He then proceeds with a lavish hand to bestow honors upon the artists who seem to him to deserve them. As royalty and the peerage are the greatest distinctions to which, in England, a human being can aspire, he raises his favorites to the very highest grades. Mulready is placed on the throne, a king ; Maclise becomes a Prince of the Blood ; then Baron Briggs ; Edwin, Earl of Landseer ; Lord Charles Landseer ; the Duke of Etty ; Archbishop Eastlake, and a long list of knights. Having bestowed these honors, he tells us why. Of Mulready’s Seven Ages he says, “ I can’t say much for the drawing, for here and there are queer-looking limbs ; but the intention is godlike.” (And it is because of this godlike intention that he is made king.) He then goes on : “ Not one of these figures but has a grace and soul of its own. No conventional copies of stony antique ; no distorted caricature like that of your classigues, the impostors ; but such expression as a great poet would draw, who thinks profoundly and truly, and never forgets (he could n’t if he would) grace and beauty withal.” After this subtle and thoughtful analysis — expressed so simply that it seems as though it thought itself out, unconsciously — he passes to Eastlake, whom he has consecrated archbishop, “ because,” he says, “ there is a certain purity and religious feeling in all he does which eminently entitles him to the honors of the prelacy.” It is almost with reverence that he speaks of his pictures ; two of which — one a portrait of Miss Bury, “ not a simple woman, but a glorified saint,” the other Saint Sebastian — “ would merit to hang in a gallery where there are only Raffaelles besides.”

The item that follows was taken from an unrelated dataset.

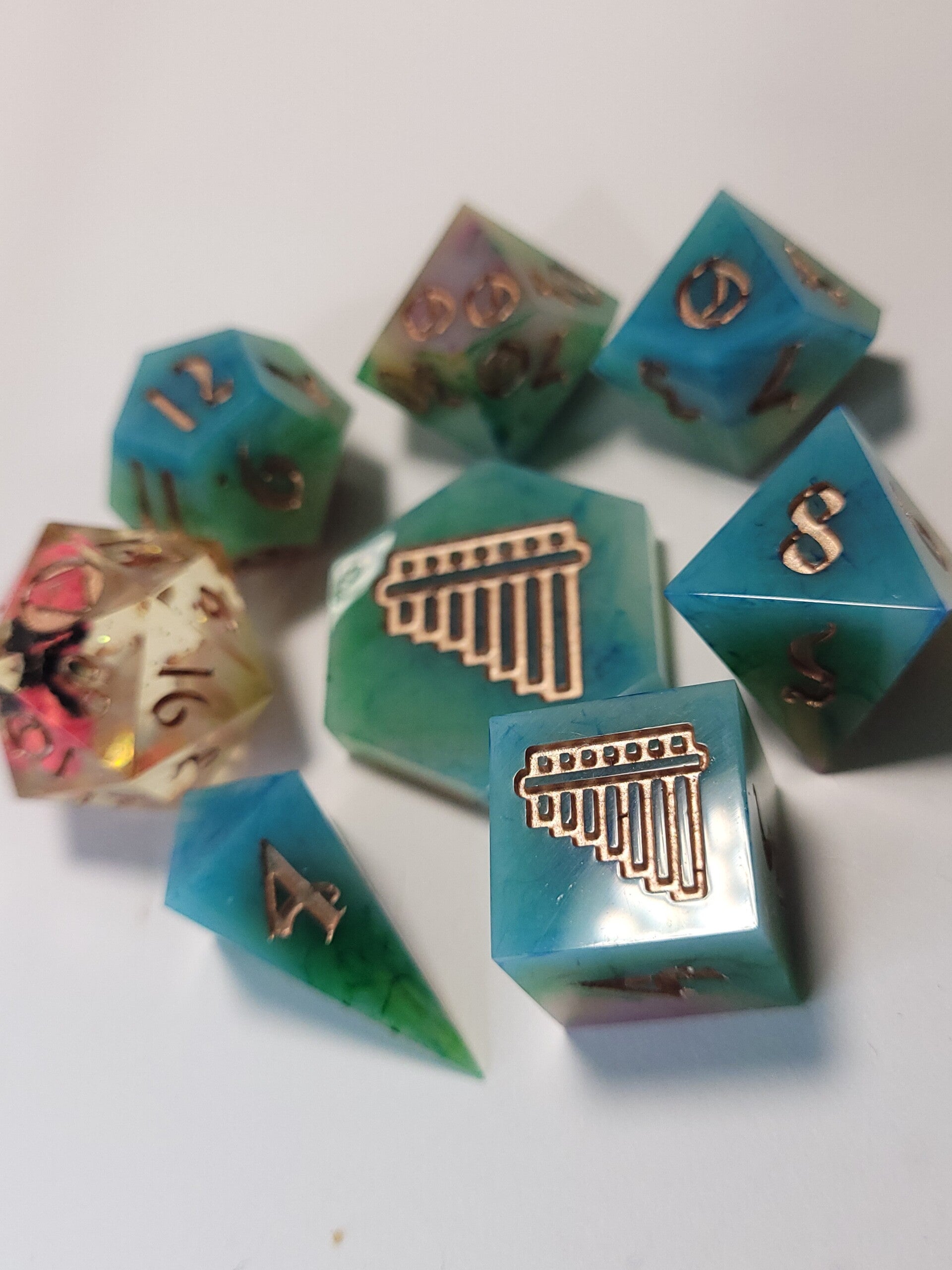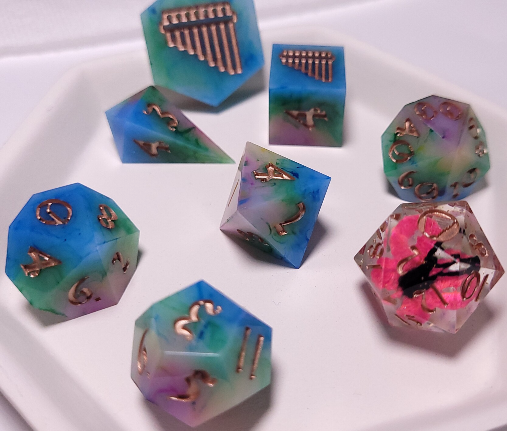 This set was a trial for my Mirabell inspired set. A hand tatted butterfly rests in the d20 with a multicolored pour for the rest of the dice. The blue and green settled on the high faces and the low faces have more color variation. Inked in rose gold.

While on the subject of religious pictures, he does not hesitate to express very heretical opinions about Titian and Rubens. “ I have heard a pious pupil of Mr. Ingres ” (doubtless himself) “ aver stoutly that, in matters of art, Titian was antichrist, and Rubens Martin Luther. They came with their brilliant colors and dashing worldly notions, upsetting that beautiful system of faith in which art had lived hitherto. Portraits of saints and martyrs, with pure eyes turned heavenward, and (as all true sanctity will) making those pure who came within their reach, now gave way to wicked likenesses of men of blood, or dangerous, devilish, sensual portraits of tempting women. Before Titian, a picture was a labor of years. . . . He drove the good angels away from the painters’ easels, and called down a sort of voluptuous spirits instead, who have ever since held the mastery at Rome. . . . Only a few artists of our country have kept the true faith. Mr. Eastlake is one of these.”

This criticism, whether well or ill founded, is certainly very ingenious and profound. It goes to the foundation of the essential canons of criticisms, all of which demand sincerity and elevation of spirit. He is not silenced, nor misled to indiscriminate praise, by the glamour of a great name. He gives his opinion, and the reasons for it, on the works of the very demigods of the artistic world as frankly and clearly as he does on those of the struggling, unknown tyro.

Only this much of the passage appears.